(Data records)
========

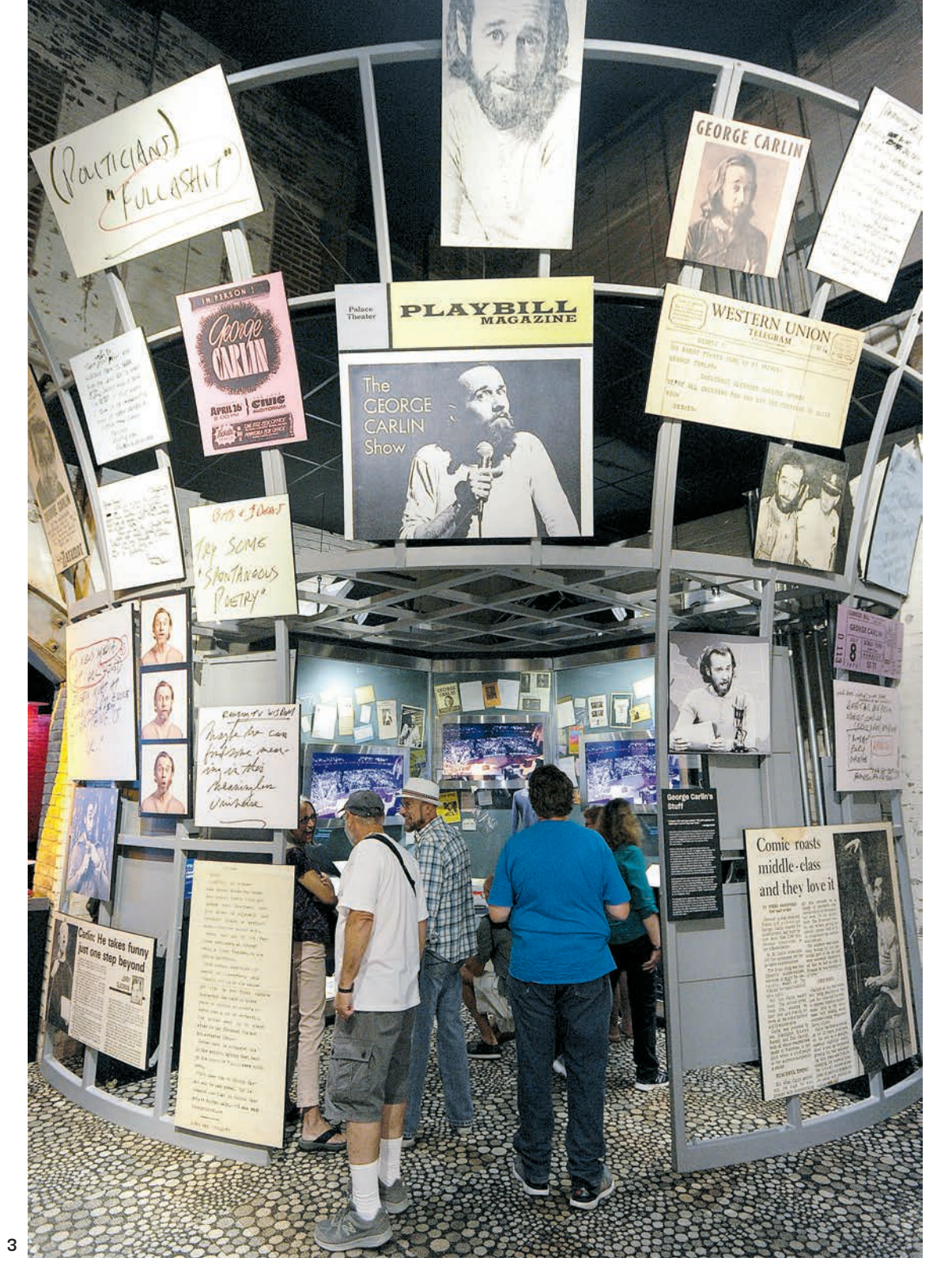
1. Chautauqua Lake is well-known for its colorful sunsets. 2. Cuban-born American actor, musician, and television producer Desi Arnaz. 3. The National Comedy Center acquired the complete archives of George Carlin in May 2016. 4. Redheaded fashion model Lucille Ball found fame as a frazzled housewife in "I Love Lucy."
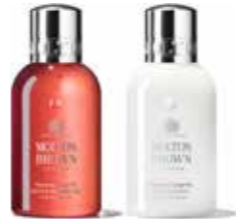
Heavenly Gingerlily Bath & Shower Gel and Body Lotion

LONDON VIA TAHITI Black sands slipping into a Polynesian lagoon. Delicate ginger lilies peek through the foliage. Fragrant spices perfuming the breeze. Entice your wanderlust with an escape to Tahitian shores.
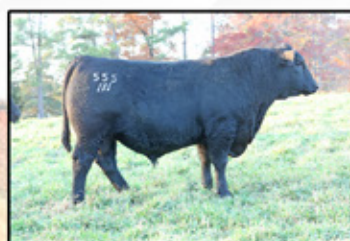
EBS 555 - Basin Jameson x SydGen CC&7
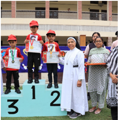
Kindergarden Sports Day 2 May,2025
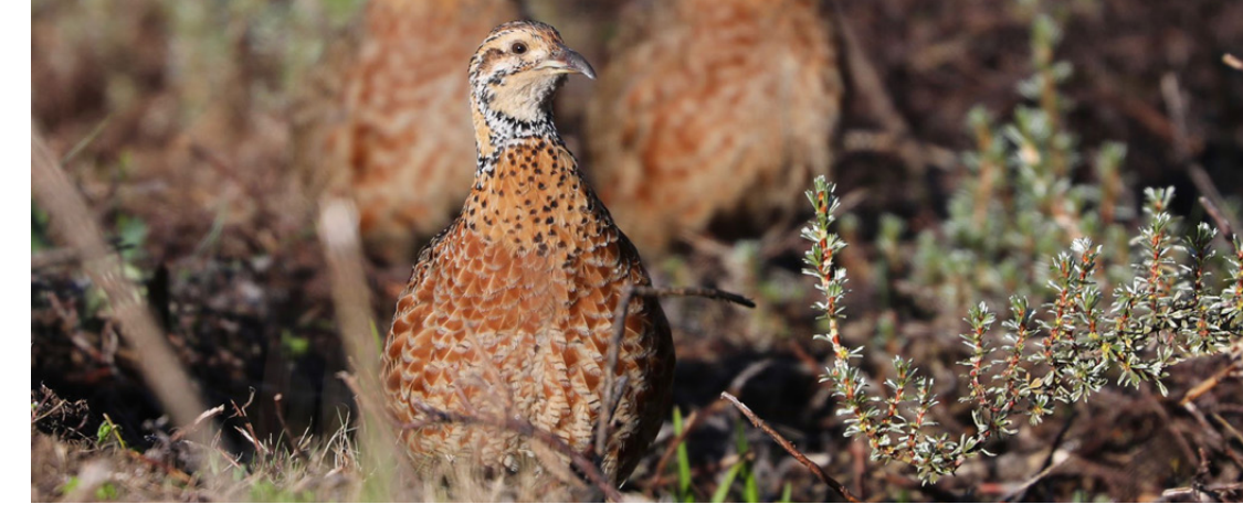
Elgon Francolin
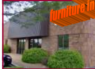
16149 Westwood's Unit
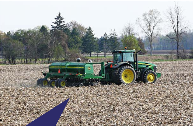
Example of a reduced tillage field:

Studies conducted in the Prairies reported lower nitrous oxide emissions from no-till plots compared to conventional tillage. No-till also reduces total GHG emissions from western Canadian croplands by increasing the storage of soil carbon.
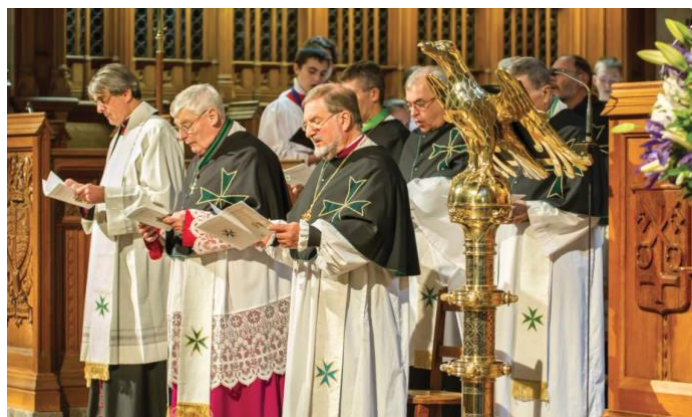
Chaplains of the Order leading a service
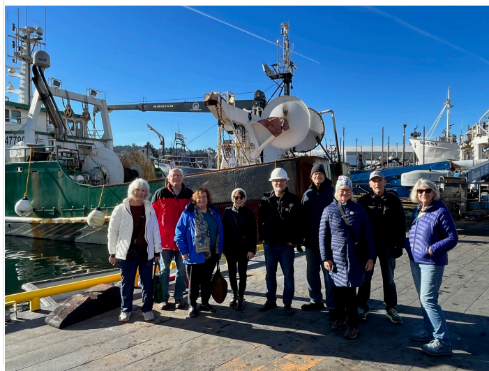
Cultural tour group to Pac Fish shipyard Nov. 17th

In this introductory class we will cover European-styled carving chisels and gouges, learn important carving techniques with wood and basic tool sharpening. The project design is a “Fleur-de-lis”, a symbol used for centuries throughout Europe. This style of carving is called “Dølaskurd” and typical for Gudbrandsdalen. A basic set of tools is available to use in the class. The wood material is included in the class fee. Three class sessions, 3 hours per session / 9 hours total, $125.00 plus $25 material fee = $150 total. To reserve your space call 206-330-5068. or email markcolsen55@ya-hoo. com
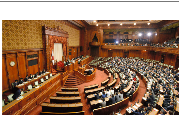
Passage of Anti-Conspiracy Bill in House of Councillors, June 15, early morning

—Following the State Secrecy Act and new security legislation, the Abe administration is aiming to force through the anti-conspiracy bill. What dangers do you think that presents?
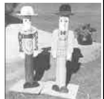
Fence post people made of post, flat boards, plywood.

Contact: FARM SHOW Followup, Remi Girard, Rt. 2, Pickardville, Alberta, Canada T0G 1W0.
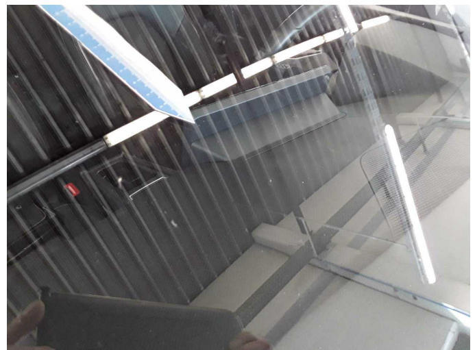
Wear and tear 3: Vehicle glazing: Windscreen - Stone chips - No deduction
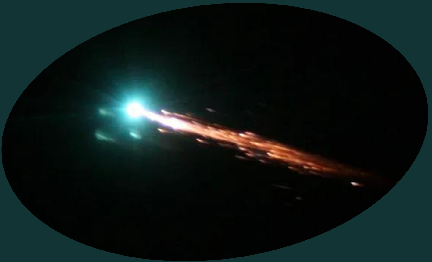
Figure 1. Re-entry of Jules Verne ATV over the Pacific Ocean. (ESA, 2008).

Spacecraft re-entry can look like beautiful shooting stars. However, recent studies found they don't only pollute land and water but also, the Earth's atmosphere.
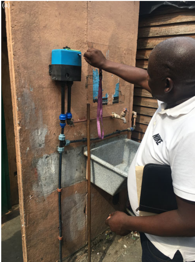
Figure 6a. Example of water meter installation within backyard area.

like me I've got my own toilet because I'm staying alone in the yard. Then the next neighbour, she got her own toilet with her own tag. She can't use her tag on my thing, because it won't work' (PW11). While this city-led programme has improved the material access to services for some backyard dwellers living on council-owned land, it has also encountered several challenges of implementation, including the disruption of existing tenant–subtenant relationships, power struggles over resource flows, technical difficulties, and unclear and unfunded responsibilities for the maintenance of the facilities (HSRC 2019: vi).
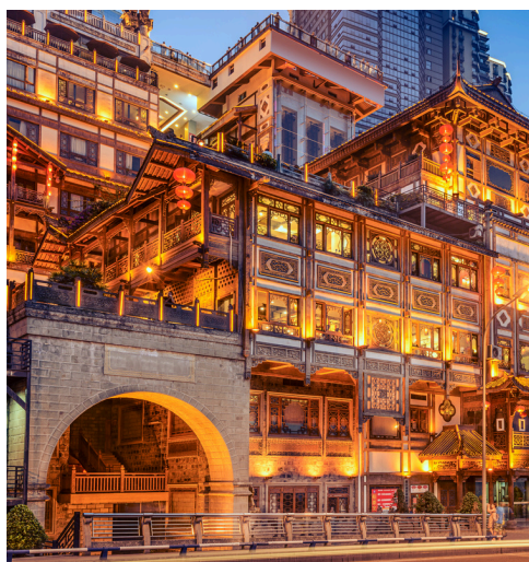
Chongqing, Yuzhong HONGYADONG 洪崖洞
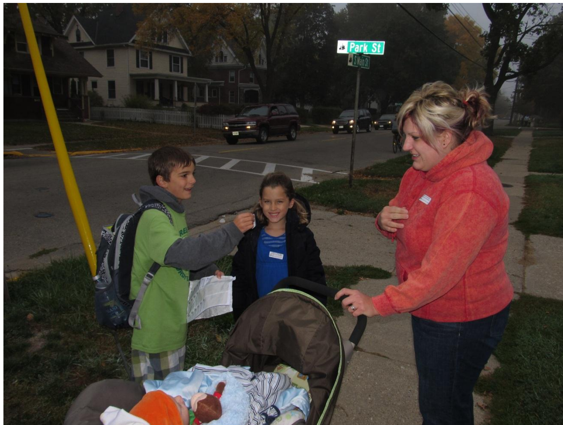
Green Team Walk to School Day
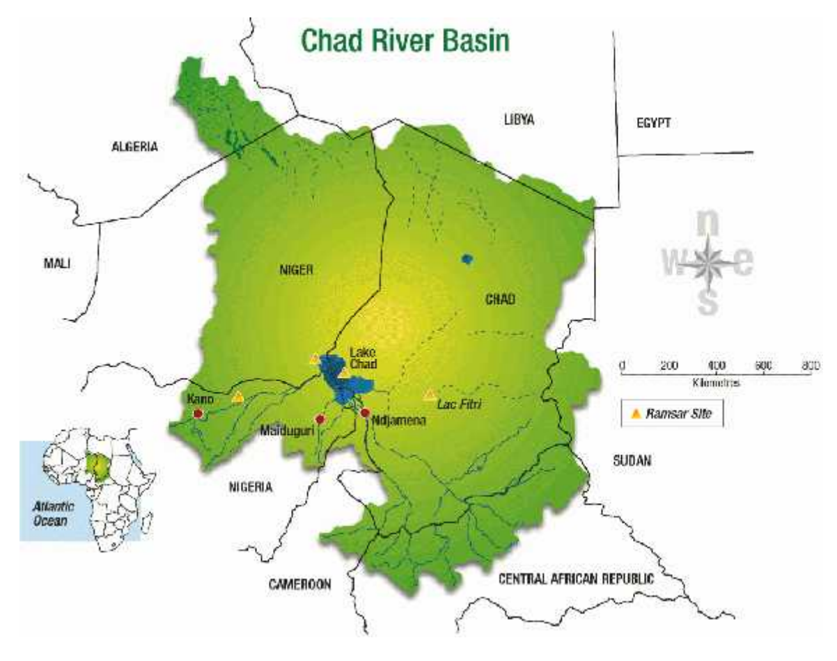
Figure 1: Image of Chad river basin showing Lake Chad

Mallam Yinusa; a northeastern Nigerian Fulani, semi-nomadic herdsman attended schools located along official grazing routes in the 1960s. However, due to changing climate patterns, the education of his grandson – Musa is at risk as his family is forced to move farther away from grazing routes in search of fodder for their dwindling cattle, a common scenario in the Lake Chad region.
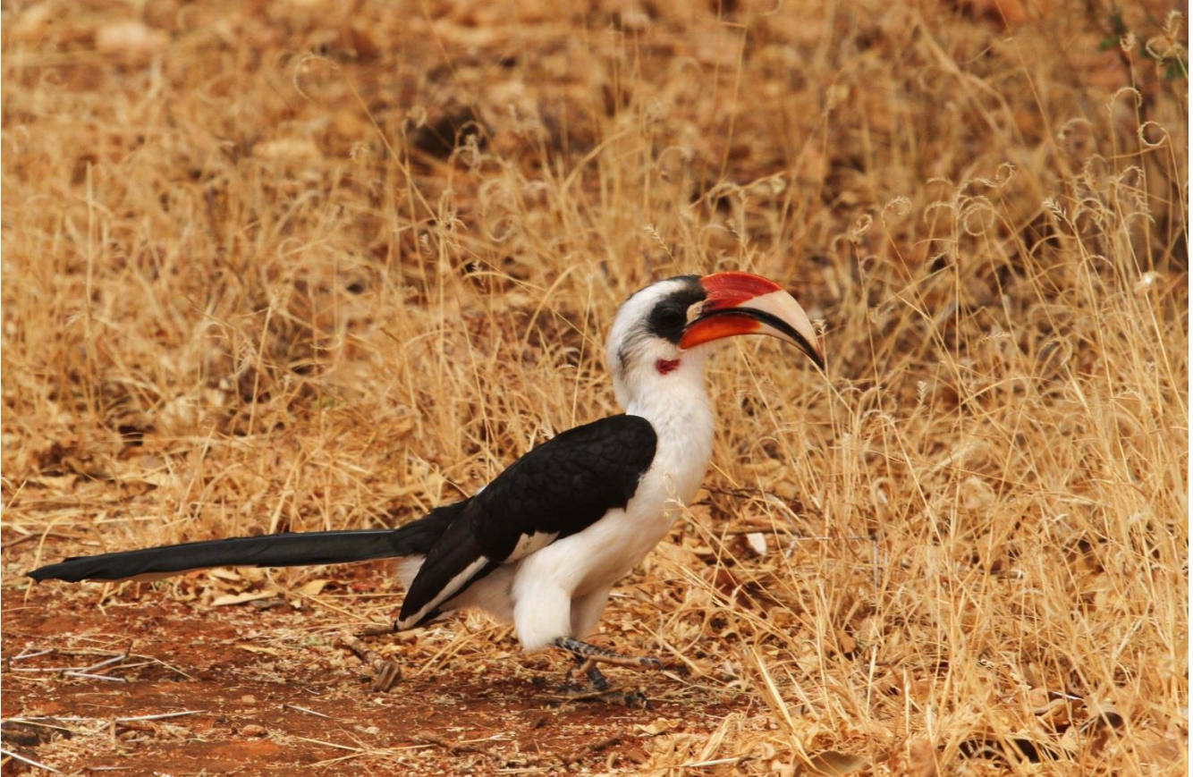
A Von der Decken's Hornbill in Tsavo East NP.

The drive through Tsavo East was very dry, and it was clear at the large population of Elephant were taking out their anger on the former trees. Birding was tough at times but we still found some great targets. The first European Bee-eaters had arrived here but were quickly trumped by the much less common Somali Bee-eater . A Rosy-patched Bushshrike hopped up to the top of a bush, while a large group of Vulturine Guineafowl crossed the road in front of us. Further east, and closer to the coast, we finally found our Golden Pipit target. Possibly the best looking in the family, these birds look more like yellow butterflies when in flight.
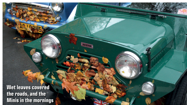
Wet leaves covered the roads, and the Minis in the mornings
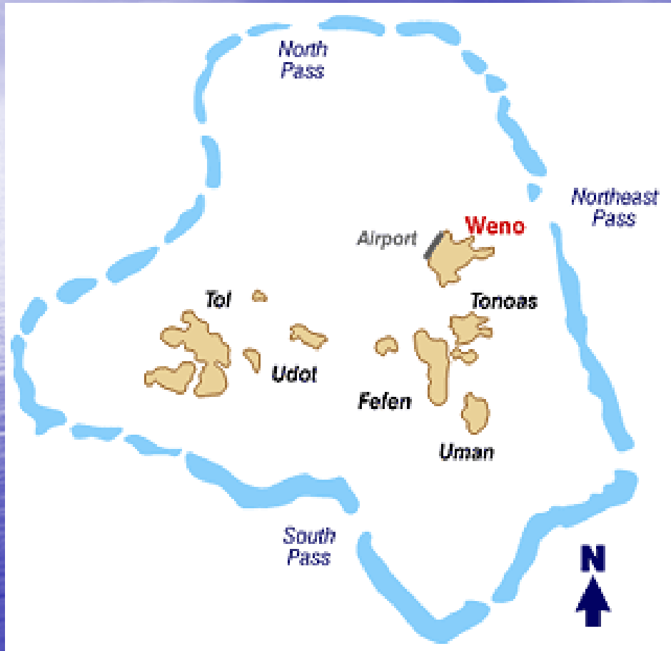
Map of the islands in Chuuk lagoon
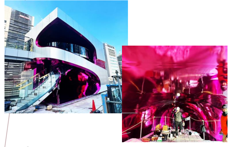
Shibuya development project with Tokyu Corp
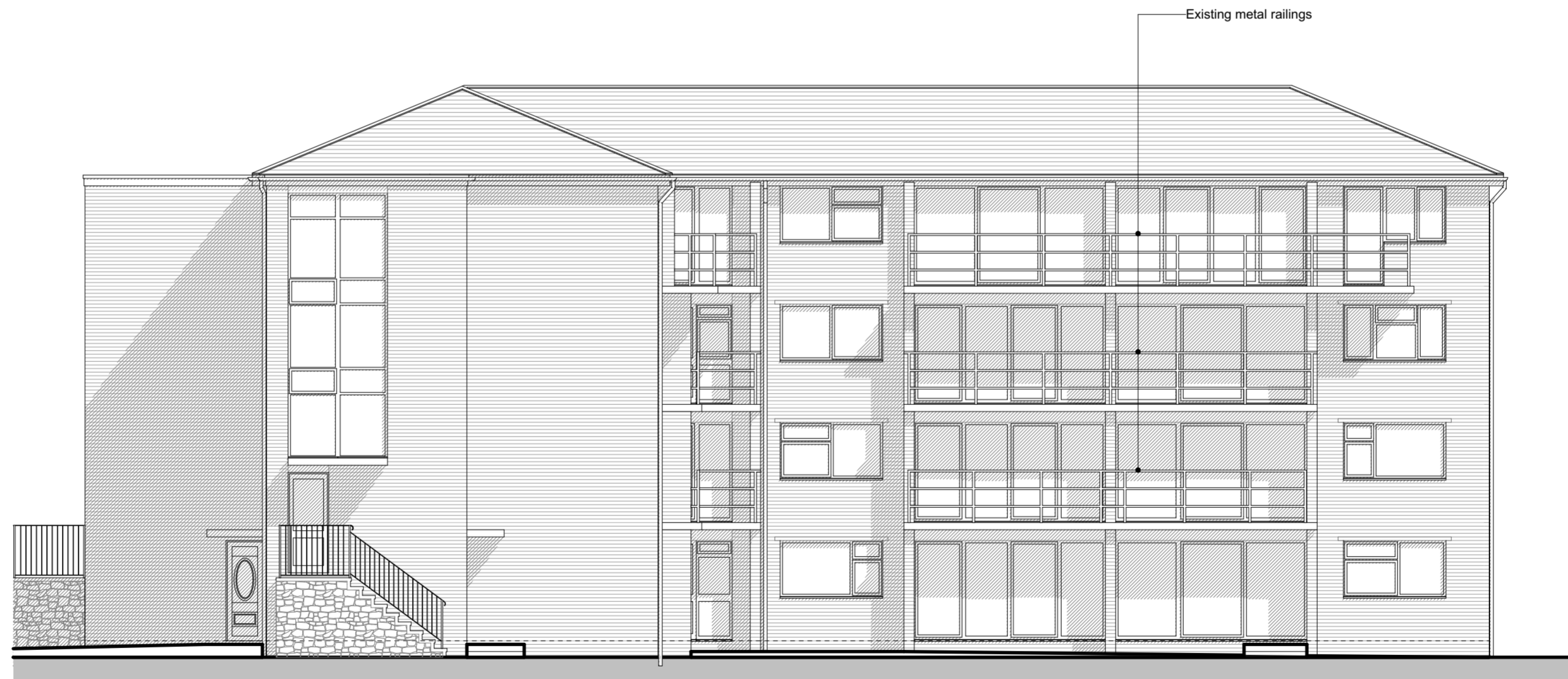
Wickham Court - Existing West Elevation
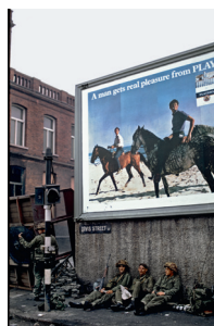
British soldiers resting at a wall, Divis Street, West Belfast, Northern Ireland, c. 1969
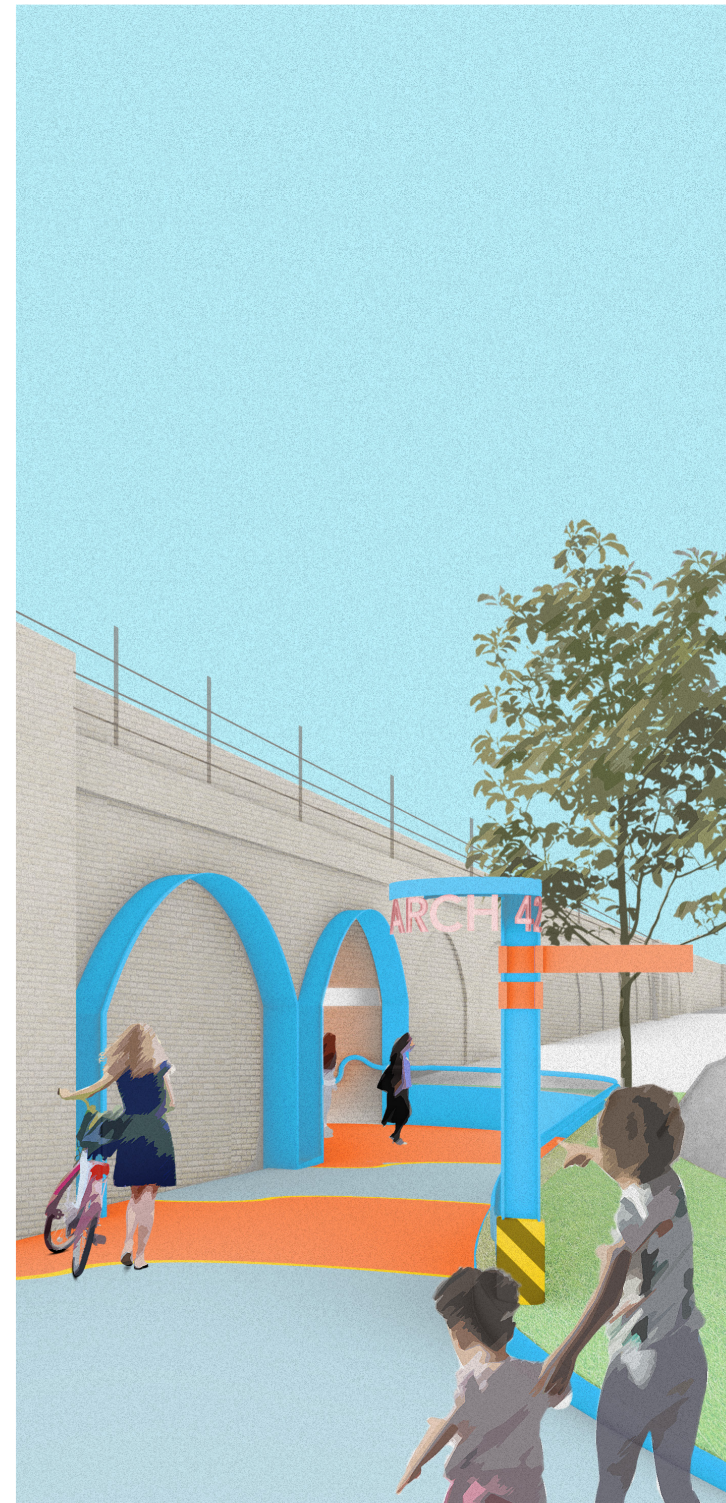
ARCH 42 - NORTH SIDE

In an uncertain time where the opportunity to visit traditional spaces of art and culture is scarce or restricted, we think that moments of transition in the city—be it a bus stop, a bridge, or in this case an arch—can be a real moment of joy and delight that can position itself as a point of rich cultural engagement in equal measure.
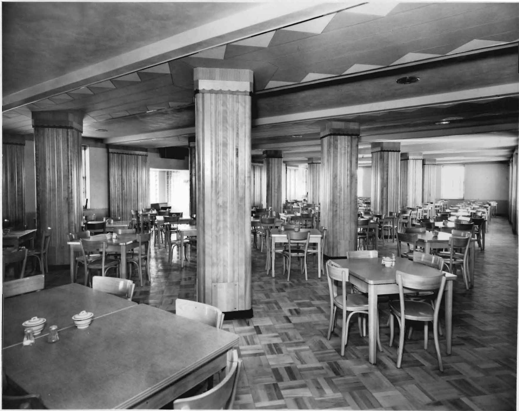
Men's Hall Main Dining Room, 1939-1958

========

# TASK OBJECTIVE
Write out, word for word, the lines from the first line of the entries through the one containing "Cultural tour group", both included. Leave out the pictures.

# WRITTEN RESPONSE
1. Chautauqua Lake is well-known for its colorful sunsets. 2. Cuban-born American actor, musician, and television producer Desi Arnaz. 3. The National Comedy Center acquired the complete archives of George Carlin in May 2016. 4. Redheaded fashion model Lucille Ball found fame as a frazzled housewife in "I Love Lucy."
Heavenly Gingerlily Bath & Shower Gel and Body Lotion

LONDON VIA TAHITI Black sands slipping into a Polynesian lagoon. Delicate ginger lilies peek through the foliage. Fragrant spices perfuming the breeze. Entice your wanderlust with an escape to Tahitian shores.
EBS 555 - Basin Jameson x SydGen CC&7
Kindergarden Sports Day 2 May,2025
Elgon Francolin
16149 Westwood's Unit
Example of a reduced tillage field:

Studies conducted in the Prairies reported lower nitrous oxide emissions from no-till plots compared to conventional tillage. No-till also reduces total GHG emissions from western Canadian croplands by increasing the storage of soil carbon.
Chaplains of the Order leading a service
Cultural tour group to Pac Fish shipyard Nov. 17th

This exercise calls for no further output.